#### Your objective:
Retype the listing below line for line, but only from the line with "These shopfronts have" down to the line with "वीडियो में एक", inclusive. Pictures stay out.

#### Dataset extract:
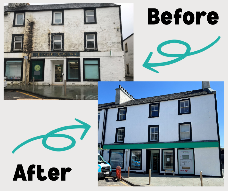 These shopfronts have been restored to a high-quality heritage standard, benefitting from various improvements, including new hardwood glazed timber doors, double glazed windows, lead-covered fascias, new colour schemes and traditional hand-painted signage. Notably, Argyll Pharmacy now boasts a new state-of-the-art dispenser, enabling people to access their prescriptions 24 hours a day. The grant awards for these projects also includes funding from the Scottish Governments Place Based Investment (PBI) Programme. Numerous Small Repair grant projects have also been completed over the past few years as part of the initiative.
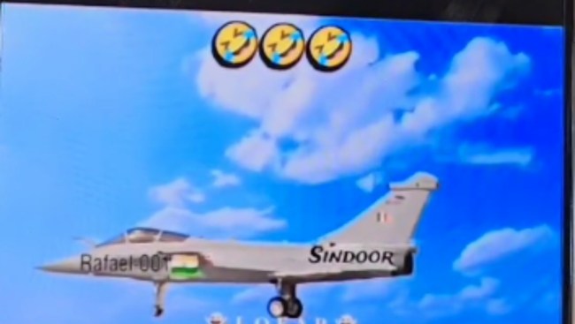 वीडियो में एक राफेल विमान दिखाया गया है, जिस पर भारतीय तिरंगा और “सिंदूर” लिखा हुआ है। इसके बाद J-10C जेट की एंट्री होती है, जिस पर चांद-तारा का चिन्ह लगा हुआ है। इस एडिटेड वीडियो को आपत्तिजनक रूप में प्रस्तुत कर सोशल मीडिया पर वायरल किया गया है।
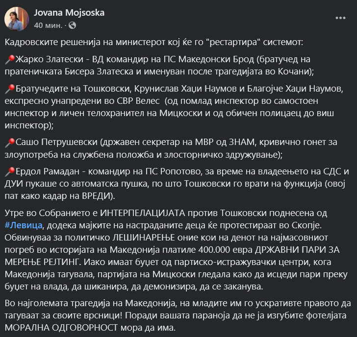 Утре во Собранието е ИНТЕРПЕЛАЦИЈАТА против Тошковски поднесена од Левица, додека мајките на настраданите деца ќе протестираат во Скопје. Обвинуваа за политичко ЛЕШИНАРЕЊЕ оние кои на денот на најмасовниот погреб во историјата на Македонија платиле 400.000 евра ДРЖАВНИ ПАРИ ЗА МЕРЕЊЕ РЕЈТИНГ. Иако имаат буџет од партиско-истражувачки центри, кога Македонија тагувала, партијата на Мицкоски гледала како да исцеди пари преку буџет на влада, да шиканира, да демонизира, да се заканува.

--

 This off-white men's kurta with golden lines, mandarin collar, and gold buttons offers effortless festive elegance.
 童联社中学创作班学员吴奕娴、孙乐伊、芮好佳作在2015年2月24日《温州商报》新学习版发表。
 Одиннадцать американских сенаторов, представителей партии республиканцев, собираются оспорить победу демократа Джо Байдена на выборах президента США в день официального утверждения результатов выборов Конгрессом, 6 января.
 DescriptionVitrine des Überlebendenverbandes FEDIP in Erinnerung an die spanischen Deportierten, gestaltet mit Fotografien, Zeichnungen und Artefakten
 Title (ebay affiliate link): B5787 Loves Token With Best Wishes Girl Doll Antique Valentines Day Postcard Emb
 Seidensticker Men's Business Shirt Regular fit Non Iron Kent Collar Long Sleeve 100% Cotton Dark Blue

* * *

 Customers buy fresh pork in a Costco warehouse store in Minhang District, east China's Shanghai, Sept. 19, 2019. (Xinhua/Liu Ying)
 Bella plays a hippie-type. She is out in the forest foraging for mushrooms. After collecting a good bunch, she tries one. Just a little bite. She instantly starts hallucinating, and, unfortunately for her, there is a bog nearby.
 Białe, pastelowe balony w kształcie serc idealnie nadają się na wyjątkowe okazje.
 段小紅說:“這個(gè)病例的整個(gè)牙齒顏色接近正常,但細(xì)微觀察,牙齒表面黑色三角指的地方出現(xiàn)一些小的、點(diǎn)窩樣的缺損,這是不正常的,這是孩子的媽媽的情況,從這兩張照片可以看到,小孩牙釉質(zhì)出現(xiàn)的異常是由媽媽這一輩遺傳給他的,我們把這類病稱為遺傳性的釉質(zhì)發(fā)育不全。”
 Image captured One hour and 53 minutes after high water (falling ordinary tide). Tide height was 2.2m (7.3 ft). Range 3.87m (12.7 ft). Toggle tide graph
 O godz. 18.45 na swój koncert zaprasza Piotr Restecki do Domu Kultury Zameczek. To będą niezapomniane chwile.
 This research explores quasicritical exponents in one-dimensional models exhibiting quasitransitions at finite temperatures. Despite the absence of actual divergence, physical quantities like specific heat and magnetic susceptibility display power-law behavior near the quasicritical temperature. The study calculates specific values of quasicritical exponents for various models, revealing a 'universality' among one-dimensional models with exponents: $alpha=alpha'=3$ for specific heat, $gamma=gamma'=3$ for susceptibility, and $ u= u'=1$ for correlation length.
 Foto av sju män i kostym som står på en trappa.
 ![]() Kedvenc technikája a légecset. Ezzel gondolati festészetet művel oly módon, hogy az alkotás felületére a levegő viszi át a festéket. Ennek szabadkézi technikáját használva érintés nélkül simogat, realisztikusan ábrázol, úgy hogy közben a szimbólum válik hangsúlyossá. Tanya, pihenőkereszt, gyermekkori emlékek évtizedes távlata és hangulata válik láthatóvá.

#### Output for this task:
 These shopfronts have been restored to a high-quality heritage standard, benefitting from various improvements, including new hardwood glazed timber doors, double glazed windows, lead-covered fascias, new colour schemes and traditional hand-painted signage. Notably, Argyll Pharmacy now boasts a new state-of-the-art dispenser, enabling people to access their prescriptions 24 hours a day. The grant awards for these projects also includes funding from the Scottish Governments Place Based Investment (PBI) Programme. Numerous Small Repair grant projects have also been completed over the past few years as part of the initiative.
 वीडियो में एक राफेल विमान दिखाया गया है, जिस पर भारतीय तिरंगा और “सिंदूर” लिखा हुआ है। इसके बाद J-10C जेट की एंट्री होती है, जिस पर चांद-तारा का चिन्ह लगा हुआ है। इस एडिटेड वीडियो को आपत्तिजनक रूप में प्रस्तुत कर सोशल मीडिया पर वायरल किया गया है।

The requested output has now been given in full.